Manitowoc has a pretty busy, diversified port for a smaller lakeshore community.
City of Manitowoc Harbor Master Paul Braun tells Seehafer News the 235,000 tons of product going out in 2021 was actually down from the previous year.
“2020 was 410,000 tons which coincides with record high water levels that year,” he explained. “And then of course had a lot of revetment stone that was being shipped out to other areas of the Great Lakes to protect the shoreline.”
Braun said they’ve been tracking tonnage numbers since 1993 and the last 29-year average is approximately 350,000 tons.
“So, we’re less than the average but again it’s very cyclical, based on high lake levels and the need for revetment stone,” he said. “But the one misleading thing with these reports is it only talks about tonnage.so if you have a lot of bulk products, if it’s salt or rock, or coal, those numbers are skewed.”
The local harbor master explains it doesn’t really talk about the value of the products.
Braun explained that “...when Crane 38 left last Memorial Day weekend that really doesn’t get reflected in here because even though it doesn’t get huge tonnage it is of huge value.

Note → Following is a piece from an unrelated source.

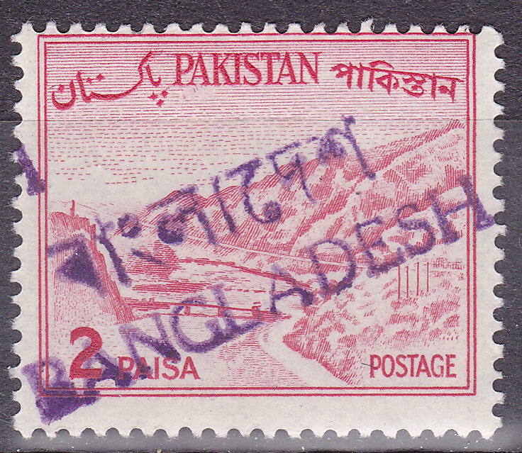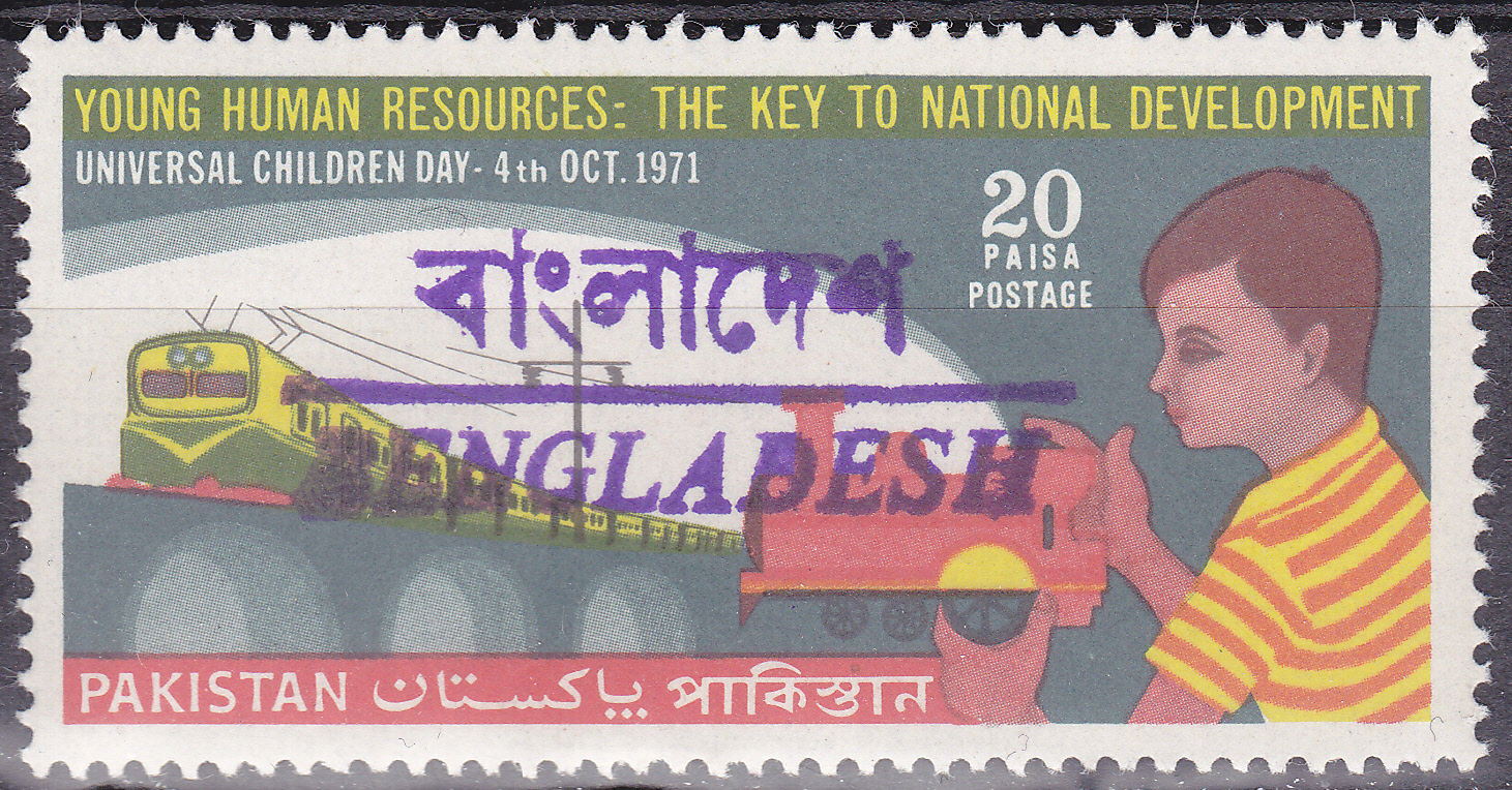 Nach Beendigung des Bangladesch-Krieges am 16.12.1971 dauerte es nur 1 Woche bis zur Wiederaufnahme des Postdienstes ins Ausland. Aus Anlass des ersten Austausches von Postsendungen zwischen dem neuen Staat Bangladesch und Indien wurden zwei Sondermarken Pakistans mit einem Buchdruck-Überdruck in englisch und bengali versehen. Dies waren die 20 Paisa Marke zum Tag des Kindes vom 4. Oktober 1971 und der 20 Paisa Wert aus Anlass der Hockey Weltmeisterschaft in Spanien vom 24.Oktober 1971.

Or, for Burger Boat if there’s a yacht built in port and it’s transferred out the tonnage reflects a (major) value, but the tonnage isn’t there.”
He also told us an Army Corps of Engineers economist in Chicago was “surprised” at the amount of unique products that come out of the Manitowoc port, ranging from wind turbine towers, to cement, to Burger Boat yachts, to Kona Cranes, to Briess Malting.